* _What to work on_:
Beginning with the line below that contains "(1697) D'argent à" and ending with the line that contains "2,完整的会员功能,全新的会", retype every line exactly. Pictures are not copied.

Stored dataset items
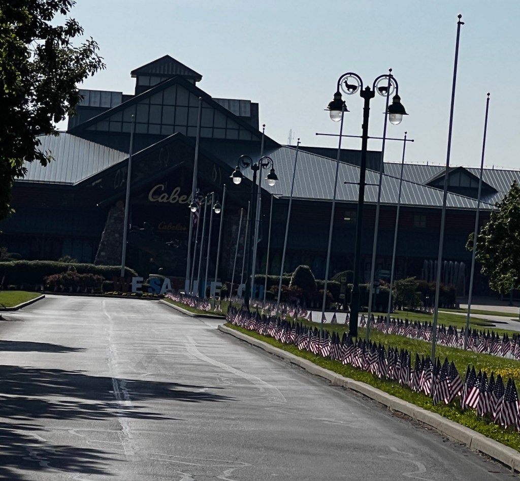 On Sunday, we left around 3 and drove to Harrisburg. Just getting out of the NY Metro area was all we could hope for – potholes the size of cars that made rivets pop and everything fly out of cabinets. We stayed overnight at a Cabelas where they offer free overnight parking to RVers. They even have a corral if you bring your horses.
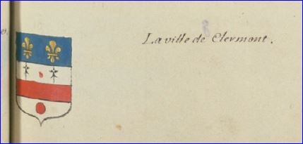 (1697) D'argent à la fasce de gueules, accompagnée en chef de deux mouchetures d'hermine de sable et en pointe d'un tourteau de gueules; au chef d'azur chargé de deux fleurs de lis d'or.
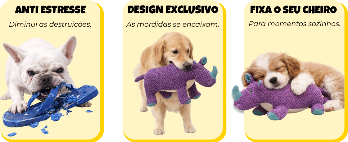 Material macio e confortável, com efeitos sonoros que estimulam a mordida. A textura em relevo retém o cheirinho do tutor, trazendo conforto na brincadeira.
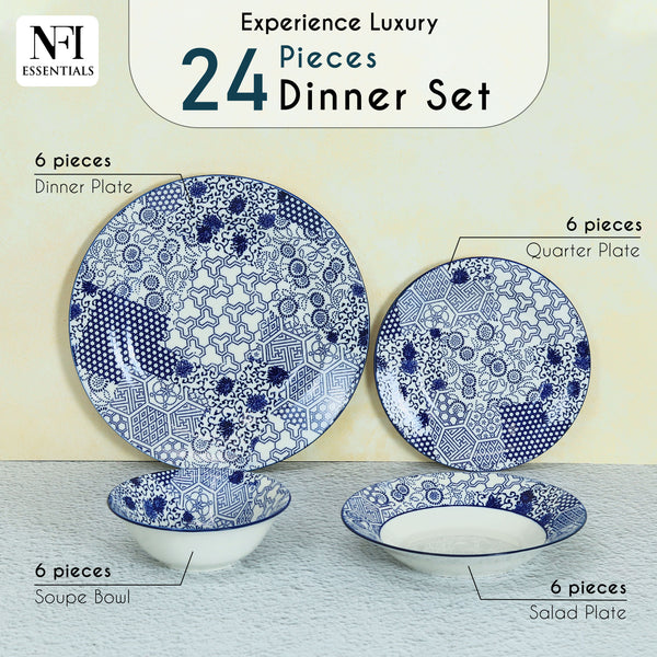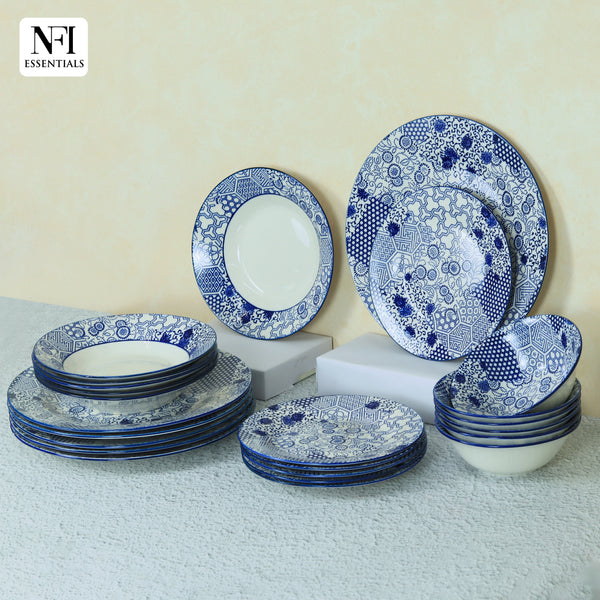 A dinner set is an essential component of any home and enhances the ambiance of the interior design. Dinner sets of one's choosing are served for special occasions as well as daily meals. Restaurant settings also provide careful consideration to the dinner set selection. There are a variety of dining set styles to fit every taste.There are numerous varieties to fit every taste, including melamine and ceramic. Savor your main courses with this exquisitely crafted dinner set from NFI Essentials. You can use these for six people at home, in the cafeteria at work, in restaurants, or as gifts for friends and family for important occasions.
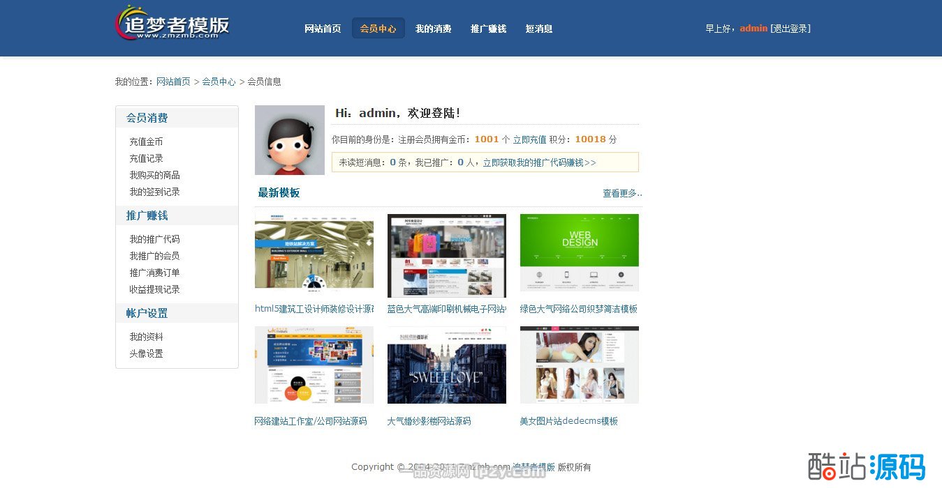 2,完整的会员功能,全新的会员中心,包含在线充值等功能。无冗余内容,避免会员无所适从。
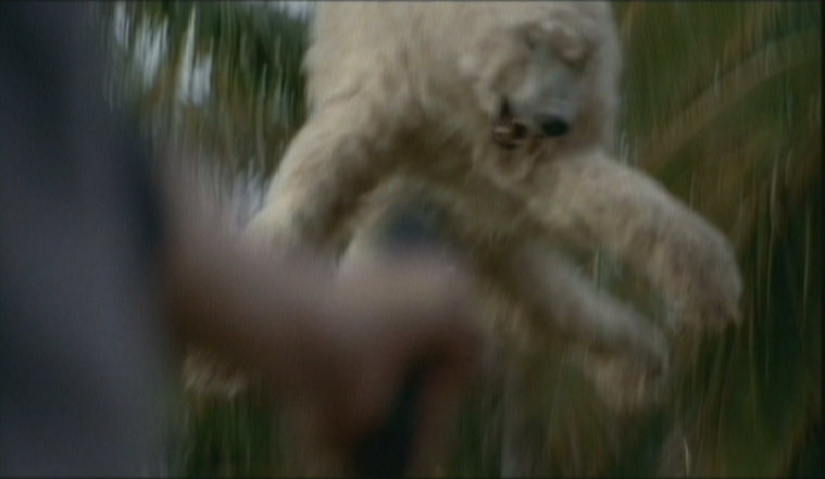 Walt was later attacked by a polar bear in the jungle. He hid inside a Banyan tree while the polar bear rammed at him. During this encounter, one can allegedly hear the polar bear say "Walter" as it swiped at the tree. ("Special")
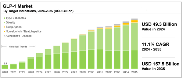 Over the past few years, a number of GLP-1 drugs targeting obesity and type 2 diabetes have received regulatory approvals globally. In 2024, the FDA approved Wegovy, developed by Novo Nordisk, for the treatment of serious heart problems in adults with obesity or overweight. Given the lucrative potential of these drugs, the GLP-1 market, also known as GLP-1 receptor agonist market, has gained significant attention of both private and public investors leading to the substantial market growth during the forecast period.
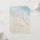 Perfect for destination weddings, this elegant summer beach wedding invitation with classy beautiful handwriting script features a close-up photo of a beach shoreline with an ocean wave and seafoam.
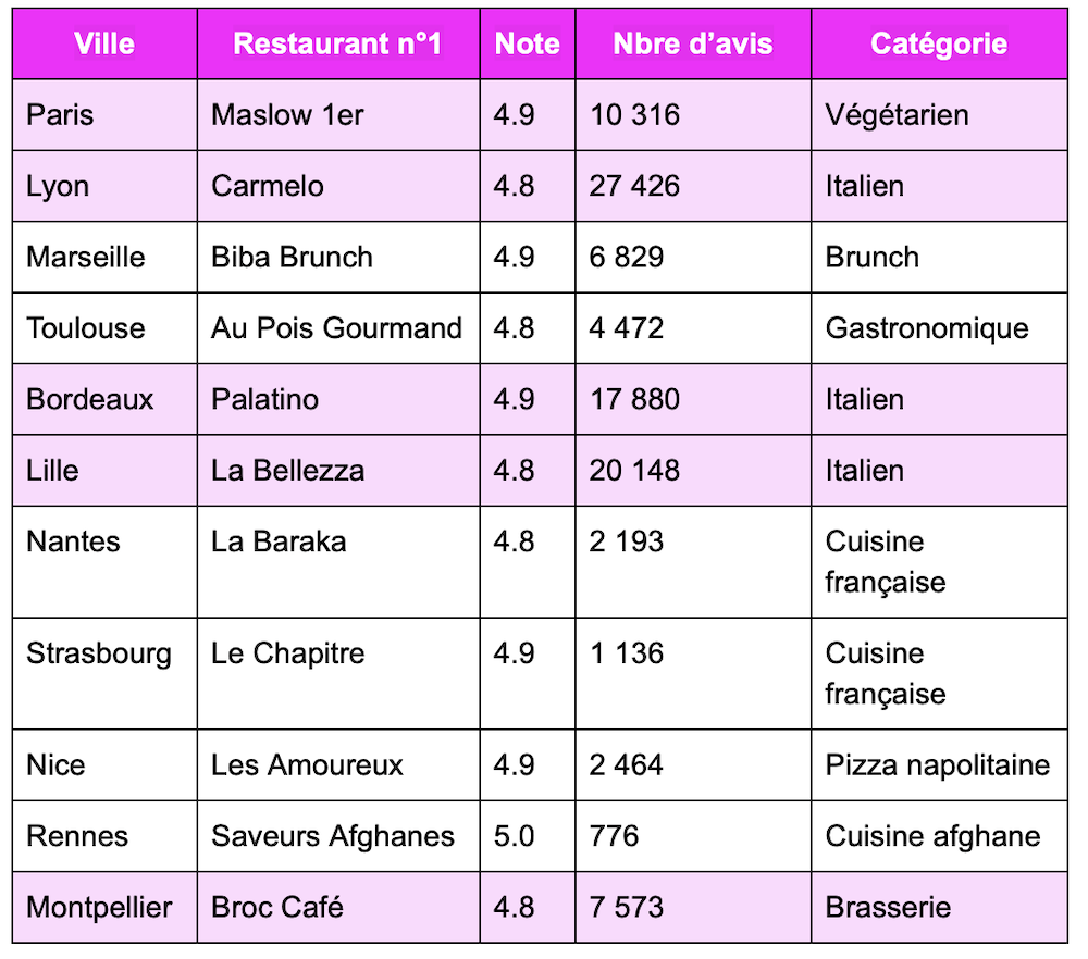 Dévoilé ce 22 juillet par sunday, acteur majeur du paiement digital dans la restauration, le palmarès Sunday Star 2025 s’appuie sur l’analyse fine des avis Google de plus de 100 000 restaurants répartis dans les 11 plus grandes métropoles françaises. L’algorithme propriétaire valorise les établissements avec une note moyenne élevée, pondérée par le volume d’avis. Aussi, avec près de 7 000 avis et une moyenne exceptionnelle de 4,9, le restaurant marseillais Biba Brunch figure dans le Top 10 des restaurants les mieux notés de France, se hissant aux côtés des plus grandes maisons de Lyon et Paris.
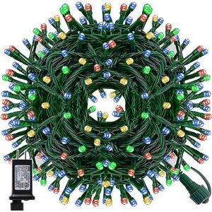 66FT Outdoor Christmas Green Wire LED Fairy Lights, 8 Lighting Modes, Multicolor

* _Answer for this exercise_:
 (1697) D'argent à la fasce de gueules, accompagnée en chef de deux mouchetures d'hermine de sable et en pointe d'un tourteau de gueules; au chef d'azur chargé de deux fleurs de lis d'or.
 Material macio e confortável, com efeitos sonoros que estimulam a mordida. A textura em relevo retém o cheirinho do tutor, trazendo conforto na brincadeira.
 A dinner set is an essential component of any home and enhances the ambiance of the interior design. Dinner sets of one's choosing are served for special occasions as well as daily meals. Restaurant settings also provide careful consideration to the dinner set selection. There are a variety of dining set styles to fit every taste.There are numerous varieties to fit every taste, including melamine and ceramic. Savor your main courses with this exquisitely crafted dinner set from NFI Essentials. You can use these for six people at home, in the cafeteria at work, in restaurants, or as gifts for friends and family for important occasions.
 2,完整的会员功能,全新的会员中心,包含在线充值等功能。无冗余内容,避免会员无所适从。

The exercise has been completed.